I think the government has a good handle on COVID-19 now with more-or-less mass vaccination, so it's not going to cause mass deaths and disabilities.

I'm more worried about H5N1 bird flu, more currently the affect it's having on milk and egg prices (over USD$12/doz. yikes!) and the potential to mutate to direct human-to-human transmission.

From https://my.clevelandclinic.org/health/diseases/22401-bird-flu dated 12/5/2024

What’s the mortality rate of bird flu?

Overall, the mortality (death) rate for bird flu in humans is high — historically, about half of all people with known infections have died. But most recent cases in the U.S. have been mild.

[-] empireOfLove2@lemmy.dbzer0.com 9 points 1 year ago* (last edited 1 year ago)

Overall, the mortality (death) rate for bird flu in humans is high — historically, about half of all people with known infections have died. But most recent cases in the U.S. have been mild.

This is a good thing in immunology, actually. Diseases with extremely high severity rates tend to not spread through a population because it incapacitates their host too quickly- Ebola is a classic example. Fucking insane severity, but bad to the point where it hasn't ever spread to epidemic proportions because it's super easy to recognize then isolate. Ebola outbreaks have been (mostly, sans 2014) limited to small geographic areas of small populations.

[-] Zaktor@sopuli.xyz 10 points 1 year ago

This only matters if it incapacitates the host quickly enough that they don't spread it, which isn't necessarily closely related to its deadliness. In the 1980s, AIDS was a death sentence, but that didn't make HIV less transmissible.

[-] jagged_circle@feddit.nl 5 points 1 year ago* (last edited 1 year ago)

Fortunately you can just not eat eggs and not consume milk.

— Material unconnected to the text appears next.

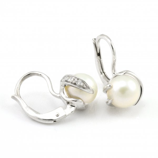 Veľmi pekné a elegantné perlové náušnice, ktoré sú doplnené o tri malé zirkóniky v prepracovanom fasungu. Každá z nás chce vlastniť niečo výnimočné a perlové náušnice sú obľúbený druh šperku, ktorý by nemal chýbať vo Vašej šperkovnici. Na uchu vyzerajú náušnice výnimočne. Vďaka týmto náušniciam vždy zažiarite. Majú patentové zapínanie, ktoré je veľmi praktické a pohodlné.
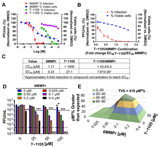 We determined EC50 and CC50 values for individual 6MMPr and T-1105 treatments (Figure 1A−E). Huh7 cells were inoculated with DENV2 and treated with increasing concentrations of either 6MMPr (0–0.4 µM) or T-1105 (0–1 mM). At 72 h post-treatment (hpt), supernatants were analyzed for infectious particles by plaque assay and that data were used to determine EC50 values for each compound. In parallel, the viability of the compound-treated non-infected cells was determined to assign CC50 values for each compound (Figure 1A,C). Both 6MMPr and T-1105 inhibited viral replication in a concentration-dependent manner resulting in a 0.23 µM EC50 for 6MMPr and 27 µM EC50 for T-1105 (similar to EC50 reported previously [13]). In addition, EC50 values were determined for the combination treatment (Figure 1B). The dose for each compound in the combination treatment was based upon their respective EC50 values (0.23 µM for 6MMPr and 27 µM for T-1105). The final concentration for each compound in the combination was 0, 0.08, 0.1, 0.2, 0.4, 0.6, 0.8, 1, 1.2, 1.4, or 1.6 times their respective EC50 values. The combination with a 50% reduction in viral titer was 7.6 µM T-1105/0.06 µM 6MMPr, a four-fold reduction in compound concentration compared to their EC50 values when used alone with no effect on cell viability (Figure 1B,C).

You can't not breathe air.

[-] socsa@piefed.social 4 points 1 year ago

$12? Maybe at 711 or some shit, but Aldi by me still has eggs under $3

[-] kinther@lemmy.world 2 points 1 year ago

Depends where you shop and where they source them from. Once that source gets hit and they have to cull their entire flock, you'll see the price increase.

[-] Landsharkgun@midwest.social 3 points 1 year ago

Easy way to avoid high egg/dairy prices, drastically or completely eliminate your chance of getting it, and reduce the spread of it overall: just don't eat 'em. Consider making some chili instead.

[-] FlyingSquid@lemmy.world 9 points 1 year ago

There is someone out there right now with a family recipe who is incensed at your implication that you can't put eggs in chili.

[-] FlyingSquid@lemmy.world 1 points 1 year ago

I think you mean "for now" rather than "now." Less than a month from now will likely be a very different story.